Since $x$ and $y$ have an arithmetic mean of $18$, we have that $\frac{x+y}{2} = 18$. From this, we can represent $y$ in terms of $x$ as $y = 36-x$.
Since $\sqrt{47}$ is the geometric mean of $x$ and $y$, we know that $\sqrt{47} = \sqrt{xy} = \sqrt{x(36-x)}$.
Squaring both sides to eliminate the square root sign gives us
$47 = x(36-x)$
This is a quadratic equation, which simplifies to $x^2-36x+47 = 0$.

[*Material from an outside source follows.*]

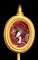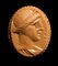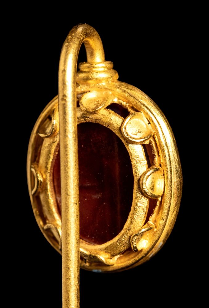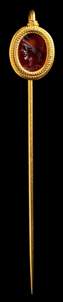 A Roman carnelian intaglio set in a gold stick pin. Apollo. The intaglio shows the portrait of a male character turned left. The youthful features and the hair ornament suggest it may be a representation of the god Apollo. Slight wear marks on the surface of the stone. The gold stick pin is composed of a large ov 2nd century A.D. intaglio 6x9 mm; overall 10x15 mm; length 70 mm; 3,58 gr.

Factor the quadratic to get $(x-23)(x-2) = 0$
This gives us $x=23$ or $x = 2$
If $x=23$, then $y=36-23 = 13$. If $x=2$, then $y=36-2=34$. This gives us two pairs $(x,y)$ that satisfy the given conditions:

$(23,13)$
$(2,34)$

Finally, the problem asks for the sum of the squares of $x$ and $y$.
$(23^2 + 13^2) = (23+13)(23-13) = (36)(10) = \boxed{360}$
and
$(2^2 + 34^2) = (2+34)(34-2) = (36)(32) = \boxed{1152}$.
Notice that the sums of the squares of $x$ and $y$ for both pairs are actually \textbf{both} equal to the same quantity, $(x+y)^2$.